OAKLAND, CALIF. – Quite a road trip for the Twins. They knocked Seattle out of first place, then knocked Oakland out of last.
The A's scored single runs in five consecutive innings Wednesday and pinned a third consecutive loss on the suddenly powerless Twins, 5-1 at O.co Coliseum. The three-game sweep — already the eighth suffered by the Twins this season — dropped them to 7-22 on the road and dissipated any lingering positivity from their unexpected sweep of the Mariners at the outset of this trip.
Yes, a 3-3 swing down the Pacific coast might have been seen as progress, might have provided a little momentum heading into a long homestand, if the Twins hadn't achieved it in the most discouraging way possible.
"Disappointing," manager Paul Molitor said. "The offense we saw in Seattle didn't make the trip south. You get off to a good start, and end up splitting the road trip, you've got to try to regroup."

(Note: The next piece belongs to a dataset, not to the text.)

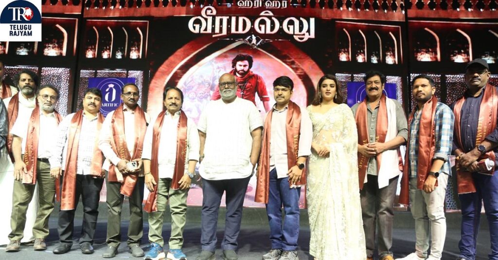 ‘అసుర హననం’ గీతావిష్కరణ కార్యక్రమంలో సంగీత దర్శకుడు ఎం.ఎం. కీరవాణి మాట్లాడుతూ, “హరి హర వీరమల్లు సినిమాతో నా ప్రయాణం ఐదేళ్ల క్రితం రాధాకృష్ణ(క్రిష్)తో మొదలైంది, ఇప్పుడు జ్యోతికృష్ణతో పూర్తవుతుంది. నేను చాలామంది దర్శకులను చూశాను. కానీ, తక్కువమందిలో ఉండే అరుదైన క్వాలిటీ జ్యోతిలో ఉంది. వేగంగా నిర్ణయం తీసుకుంటాడు, ఆ నిర్ణయానికి కట్టుబడి ఉంటాడు. ఎడిటింగ్, గ్రాఫిక్స్, మ్యూజిక్ అన్ని పనులు ఒక్కడే చూసుకుంటూ నిద్రాహారాలు మాని ఈ సినిమా కోసం ఎంతో కష్టపడ్డాడు. ఇండస్ట్రీలో వివాద రహితుడిగా ఎ.ఎం. రత్నం గారికి పేరుంది. లిరిక్ రైటర్ గా ఆయనకు నేను పెద్ద ఫ్యాన్ ని. ఈ సినిమా రూపంలో ఎ.ఎం. రత్నం గారికి మరో భారీ విజయం సొంతం అవుతుందని విశ్వసిస్తున్నాను. అలాగే నిర్మాత దయాకర్ గారంటే నాకెంతో గౌరవం. ఈ సినిమాలో ఆయన పాత్ర ఎంతో ఉంది. రాంబాబు లాంటి మంచి గీత రచయితను నాకు జ్యోతికృష్ణ పరిచయం చేశారు. నిధి అగర్వాల్ తన పాత్రను చక్కగా పోషించింది. పవన్ కళ్యాణ్ గారిని మీరందరూ పవర్ స్టార్ అంటారు. నేను మూర్తీభవించిన ధర్మాగ్రహం అంటాను. ఆగ్రహం మనందరికీ వస్తుంది. కానీ సమాజం కోసం వచ్చేది ధర్మాగ్రహం. ఆయనకు మాత్రమే సరిపోయేలా ‘హరి హర వీరమల్లు’ను తీర్చిదిద్దారు. జయాపజయాలతో సంబంధం లేకుండా దూసుకుపోయే కార్చిచ్చు పవన్ కళ్యాణ్ గారు. కార్చిచ్చు మీద ఎంత వాన పడినా అది ఆగదు. ఆయనతో మొదటిసారి చేస్తున్న సినిమా కాబట్టి ఎంతో శ్రద్ధతో చేశాను. జూన్ 12న విడుదలవుతున్న ఈ సినిమాని మీరు ఆదరిస్తారని ఆశిస్తున్నాను.” అన్నారు.

Sort of like the A's did. Crumbling under a 9-17 month of May as the Twins arrived, Oakland got just enough hitting and pitching — the A's never scored more than two runs in an inning during the entire series, but the Twins never scored more than one — to complete its third sweep of the Twins in four years and pull clear of Houston once more at the bottom of the AL West standings.
Miguel Sano probably will undergo an MRI on his left leg when the Twins get back to Minneapolis, "just to make sure there's no undetected damage," Molitor said. But the damage Sano's hamstring injury does to the Twins' lineup was easy to detect. With Joe Mauer getting a planned day off after playing 50 of the first 51, Molitor went with a Dozier-Plouffe-Park combination in the 3-4-5 spots. Normally not a bad mix in the middle, those three came into the game a combined 7-for-40 (.175) on this road trip, and 22-for-137 (.161) with one home run since May 16.
"[Sano] has been carrying us the past couple of weeks," Dozier said. "Obviously it's a big hit for us, but somebody has to step up."
Actually, that's not what Molitor wants to hear, because he fears players will overstep their abilities.